Nesta obra vemos o Fantasma das revistas 
em quadrinhos ameaçado pelo gorila.
O nosso encontro aconteceu no meu escritório no edifício Mundo Plaza e ao olhar algumas obras nas paredes ele relembrou de sua infância com sua mãe lhe levando para visitar as igrejas. “Vejo aqui que esses trabalhos trazem no seu bojo um barroquismo.
 Eles estão carregados de informações. Percebo o barroquismo até nas xilogravuras do cordel.” E continuou : “Nas pinturas que estou fazendo agora tem uma herança da gravura e as cores estão surgindo bem devagar. Estava muito assustado com a pandemia com a morte de meus pais e de amigos queridos. Claro que este sofrimento com as perdas me assustou muito e ficava pensando que eu poderia ser a próxima vítima. Foram momentos angustiantes, mas superei. Felizmente moro numa casa à beira mar e aí saía para espairecer, ver a beleza do mar, as ondas no seu vaivém e ainda conseguia comprar uma cervejinha e assim o tempo passava.” Acredita Chico Macedo que com o passar do tempo à medida que for pintando as cores tendem a aparecer com mais intensidade. Estava pintando coisas pequenas de 50 x 40, mas já está pintando em suportes de mais de um metro.

Chico Macedo falou da importância do 
diálogo e do contexto de suas obras
.
Revelou que  “era um crítico ferrenho de terapias. Dizia que eram enganadores e hoje estou fazendo e me sentindo muito bem. Só o fato de ter alguém disposto a me ouvir ajuda muito. Levo as obras de arte e fico falando sobre meu processo de criação. Tudo isto refletiu em cada obra que fiz."
Num texto que me enviou intitulado O Lugar Que Não Existe Mais o artista Chico Macedo diz: “Lembro que os maiores influenciadores para essa jornada, foram meus pais, isso, em um tempo analógico me deixa em pânico. Quando mergulhamos fundo no passado, trazemos boas memórias e junto com isso, vem imagens que queremos apagar de alguma maneira ou transformá-la."

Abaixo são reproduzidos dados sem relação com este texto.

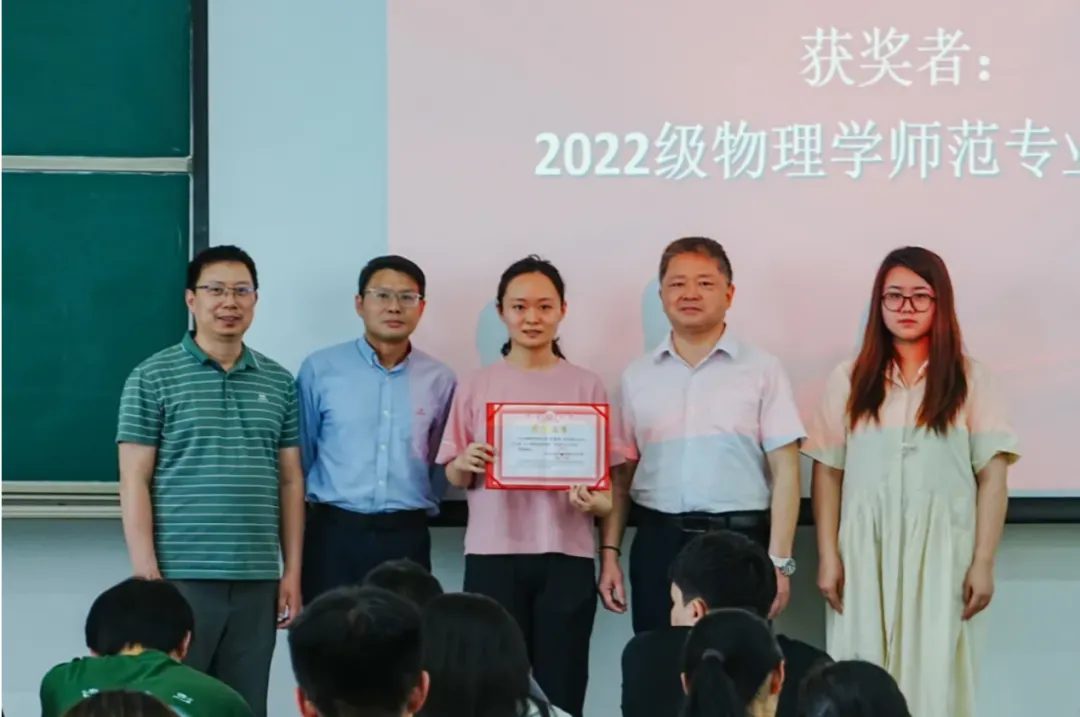 4月20日,物理科学与技术学院第八届“九三物理卓民奖学金”颁奖仪式在9401教室举行。“九三物理卓民奖学金”委员会秘书、学院副教授李安邦,学院1993级校友代表、华中师范大学第一附属中学黄淼老师,联想集团武汉产业基地张剑校友等出席颁奖仪式。2022级物理学师范专业的焦馨莹同学获得2025年第八届“九三物理卓民奖学金”,奖金1万元。

Hora de dialogar sobre a vida .
Acrílica sobre placa de PVC.
"Esse medo foi forjado ou tomou corpo, durante a pandemia onde o isolamento e o pavor contra o vírus, me fez procurar alternativas através da arte. A memória não é um lugar lacrado, mas quem não sabe o caminho a tomar, qualquer beco serve. Por isso, o caminho da memória foi a porta para os desenhos se abrigarem. Hoje vejo que essas imagens são um testemunho de experiências com valores diversos, positivos e negativos com impactos profundos. A ausência é contínua, quando lembro desse universo analógico, lembro que comecei por aí. Esse momento novo revelou uma capacidade difícil de enfrentar. 
A natureza gosta de explodir em cores e diversidades, assim como alguns humanos fazem. Sabemos que a arte é o legado de nossa cultura é a que afirma a nossa identidade, documentando nossa história, embora enriquecida com metáforas e imaginários diversos em geral cada universo de expressão, traz à tona suas verdades ocultas, ativando a fertilidade das coisas”. 

                                                      EXPOSIÇÕES E  PRÊMIOS

Chico Macedo no Salão de Feira de
Santana, em 1999
.
Em  1988 - I Salão Universitário com Conjunto de Pinturas- Salvador- Ba; 1990 -II Salão Universitário com Conjunto de Pinturas - Salvador- Ba; 1991 -  
I Bienal do Recôncavo; 1994 -
I Bienal Internacional Afro-Americana de Cultura - Salvador - Ba ( foto ao lado), I Salão do Museu de Arte Moderna da Bahia  ; 1995 - III Bienal do Recôncavo; XI Salão Regional de Artes Plásticas da Bahia ; 1997 -Salão dos Novos Valores - Goiânia – Goiás ; 1998 - IV Bienal do Recôncavo- São Felix- Ba. - Prêmio Aquisição;  Tropicália 30 Anos - 40 Artistas Baianos; -1999 -XXIII Salão Regional de Feira de Santana Ba. - Prêmio oficial; 2000 - Exposição Individual na Galeria ACBEU, Slvador-Ba; 2000 - V Bienal do Recôncavo; 2006 - VIII Bienal do Reconcâvo.

 EXPOSIÇÕES COLETIVAS - Em 1996 - Jovens Artistas da Bahia-MAC- São Paulo-SP; Wordwide Print Exibition Portland Art Museum - Oregon-USA ;  1998 - Bahia/ Paris - Galeria Leonardo - Paris – França; 100 Artistas Plásticos da Bahia; Arte Salvador - 450 Anos;  2002 -Pintura Bahia - MAM – Salvador-Ba.  

EXPERIÊNCIA - Atua desde 1995 como professor instrutor de arte educação na Fundação Cidade Mãe. Foi professor substituto da Escola de Belas Artes da Universidade Federal da Bahia - UFBA.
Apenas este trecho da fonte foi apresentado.